Isotonic muscle action is constant muscle tension. Under this category you’ll find eccentric and concentric. Eccentric muscle action is when a muscle develops tension while lengthening. Force is produced, tension is developed, and movement occurs. Work is actually being done ON the muscle instead of the muscle doing the work. Eccentric motions move in the same direction as the resistance, it is like deceleration. During exercise this looks like landing a jump, or lowering the weight during resistance training. Eccentric motions are also known as “the negative”. Concentric muscle action is when the contractile force is greater than the resistive force, therefore shortening the muscle. This is like acceleration in the sense that the muscle is doing the work by producing the force.

Isometric muscle action is when the contractile force is equal to the resistive force, and shows no change in muscle length. You can see isometric motion when you pause (or hold) during resistance training in between the lifting and lowering phases.

Isokinetic muscle action is when the muscle shortens at a constant speed over the full range of motion. Tension in the muscle is at its maximum throughout the whole range of motion. This can improve strength, endurance, and neuromuscular efficiency. Typically these types of movements are seen in rehab clinics because of the required training equipment.

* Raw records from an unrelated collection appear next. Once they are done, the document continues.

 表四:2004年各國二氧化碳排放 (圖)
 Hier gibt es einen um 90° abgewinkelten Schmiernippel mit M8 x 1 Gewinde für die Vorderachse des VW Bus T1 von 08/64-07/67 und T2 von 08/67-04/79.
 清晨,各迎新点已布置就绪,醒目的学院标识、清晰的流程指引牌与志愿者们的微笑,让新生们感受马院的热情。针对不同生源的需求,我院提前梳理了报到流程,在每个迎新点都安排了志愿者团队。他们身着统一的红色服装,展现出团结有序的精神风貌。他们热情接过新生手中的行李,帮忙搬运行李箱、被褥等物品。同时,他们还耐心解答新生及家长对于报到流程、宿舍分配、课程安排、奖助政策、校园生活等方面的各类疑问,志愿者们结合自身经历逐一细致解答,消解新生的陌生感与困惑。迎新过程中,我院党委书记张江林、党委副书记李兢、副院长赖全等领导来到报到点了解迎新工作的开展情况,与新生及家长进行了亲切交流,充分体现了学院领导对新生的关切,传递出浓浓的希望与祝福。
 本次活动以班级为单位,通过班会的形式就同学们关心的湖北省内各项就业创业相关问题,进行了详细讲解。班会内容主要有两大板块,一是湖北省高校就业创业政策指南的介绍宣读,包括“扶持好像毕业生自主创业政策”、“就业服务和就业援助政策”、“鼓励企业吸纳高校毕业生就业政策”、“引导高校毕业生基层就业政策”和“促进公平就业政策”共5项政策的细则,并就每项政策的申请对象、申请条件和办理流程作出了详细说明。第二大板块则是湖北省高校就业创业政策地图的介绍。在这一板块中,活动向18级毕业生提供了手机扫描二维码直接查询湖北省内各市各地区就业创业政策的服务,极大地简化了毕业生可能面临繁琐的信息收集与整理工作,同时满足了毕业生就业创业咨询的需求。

If you want to take your training to the next level you have to do more than just “lift things up and put them down” try incorporating some of these movements into your current routine!

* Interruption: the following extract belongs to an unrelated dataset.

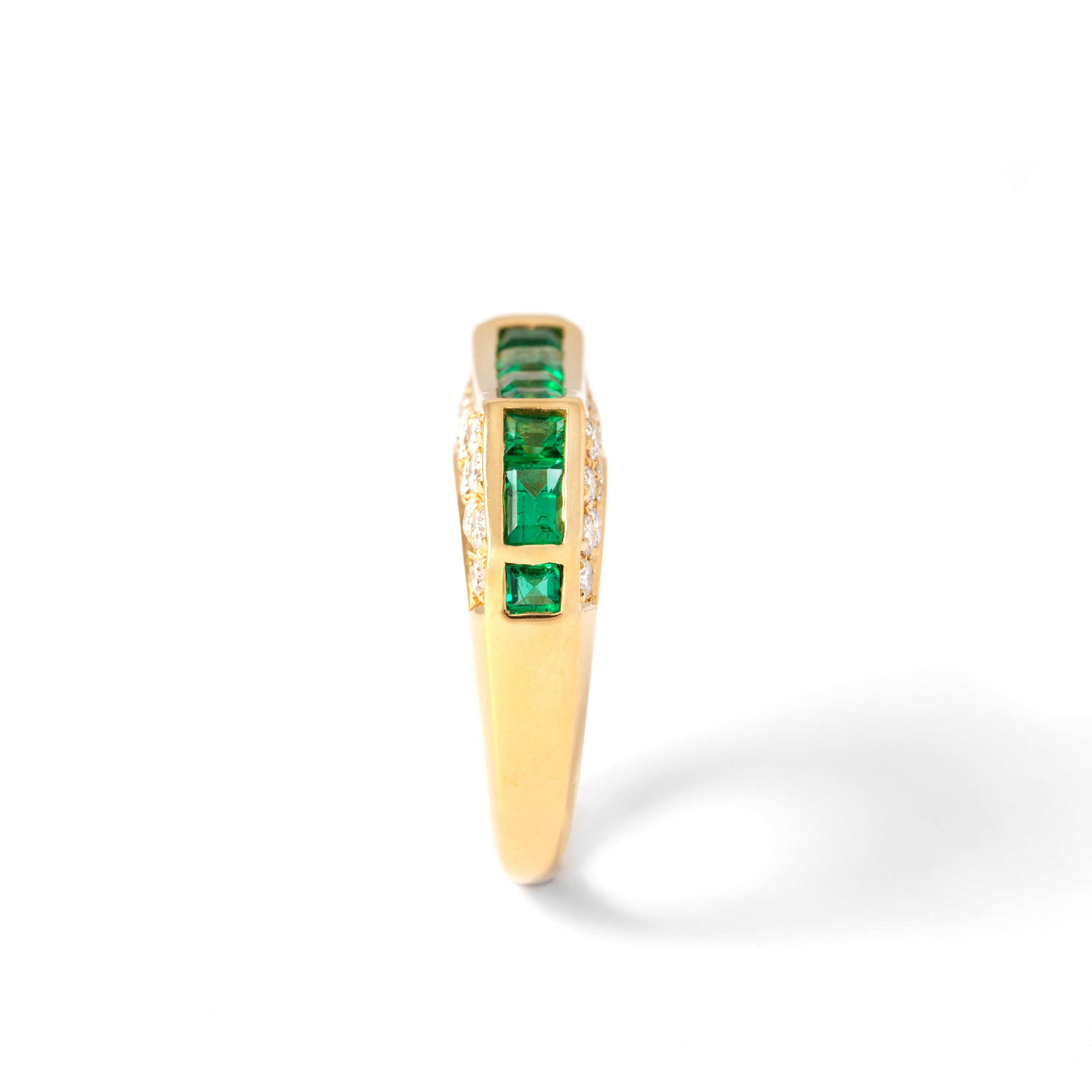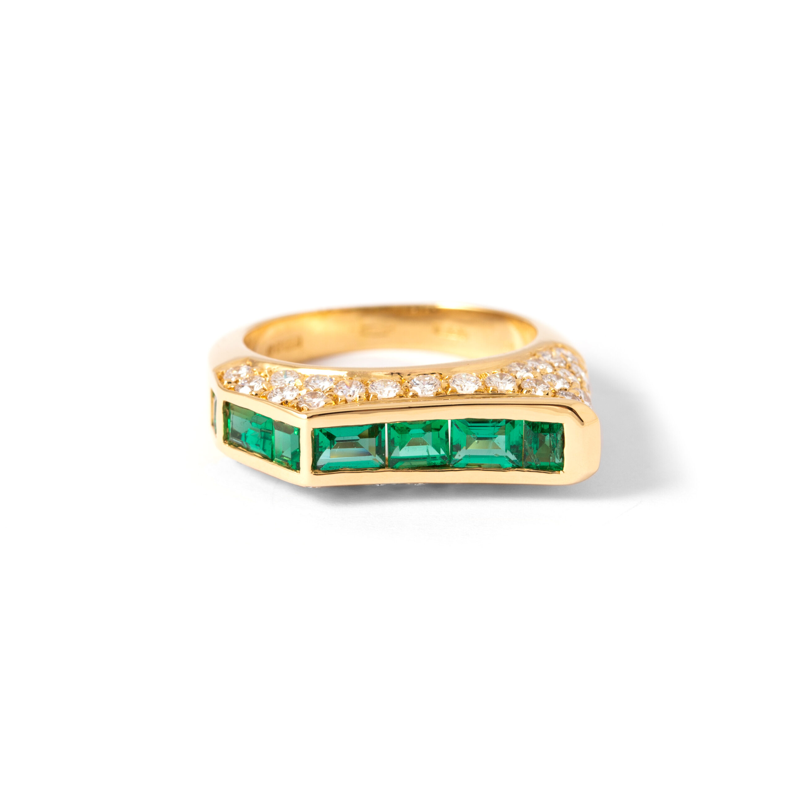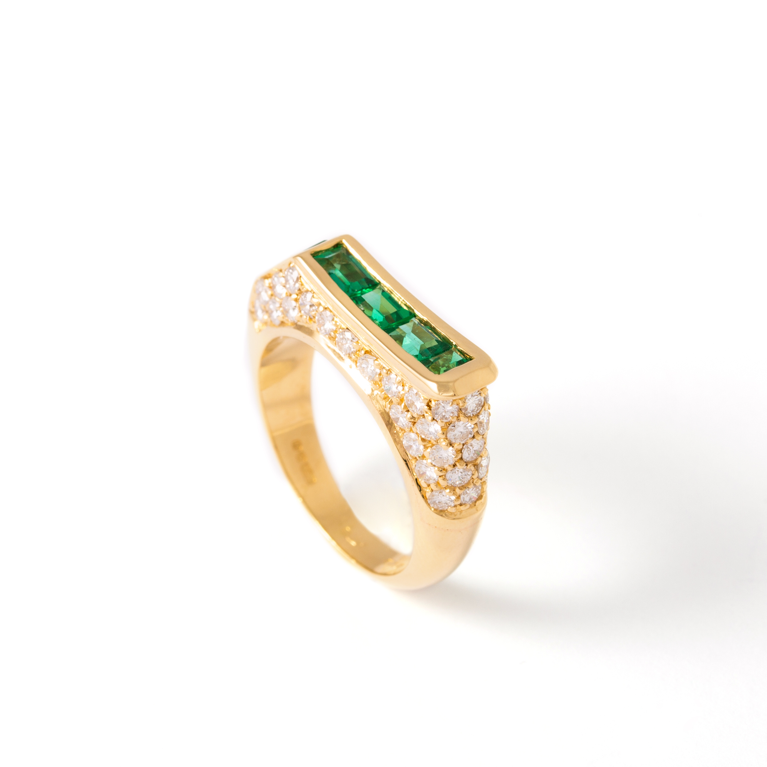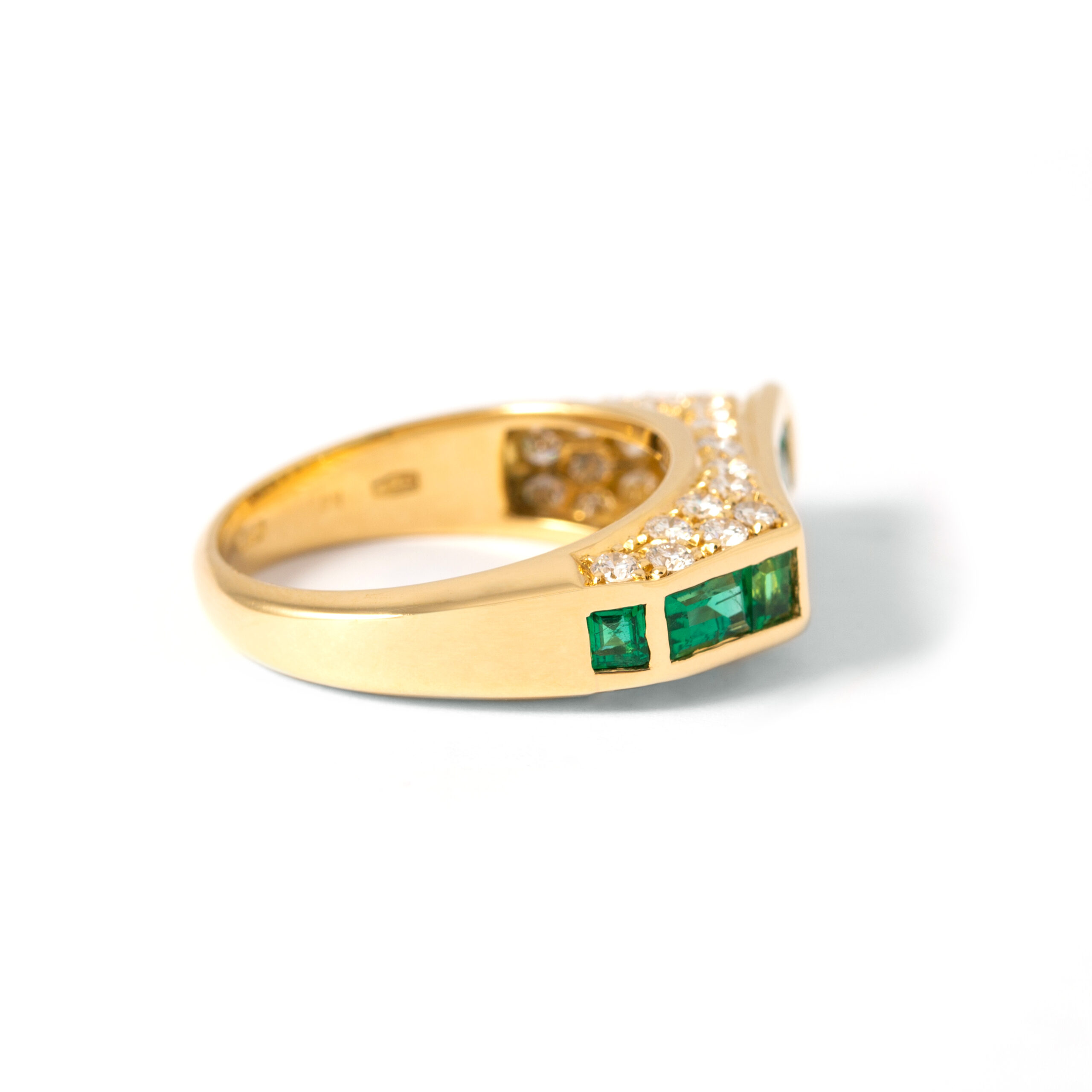 Ring in 18kt yellow gold set with square cut emeralds 0.92 cts and diamonds

Why Hire a Personal Trainer? The Essential Eight

My goal as a personal trainer is to design safe and individualized programs for each person. I consider your goals, needs, and abilities to design a program that will get you there in a systematic way. I want to provide you support so that you are able to self-manage a healthy active lifestyle. My “Essential 8” reasons to invest in yourself and consult a personal trainer are:

  1. Safety. Hiring a trainer will help you learn the proper form and technique. A personal trainer can also assist, and correct you during your workouts.
  2. Individualized Programs. What works for others may not work for you. A personal trainer will provide you with a fitness program tailored specifically to your goals, needs, and abilities.
  3. Set Goals. Learn how to set goals and create a dialed in vision to achieve success!
  4. Needs. Do you need to lose weight? Do you want to build muscle? Do you need to rehab an injury? Working with a personal trainer can insure you stay on the right path.
  5. Abilities. Not sure where to begin? Being assessed by a personal trainer can get you started on your fitness journey by measuring your true abilities.
  6. Systematic Approach. Maximize your time in this crazy world by performing workouts designed for you to reach your goals quickly and efficiently.
  7. Support. A personal trainer is not there only to take care of the outside, but to also take care of the inside by offering emotional support, companionship, and information.
  8. Self-Management. Learn to manage your own energy, behaviors, thoughts, and emotions to change whatever is not working for you!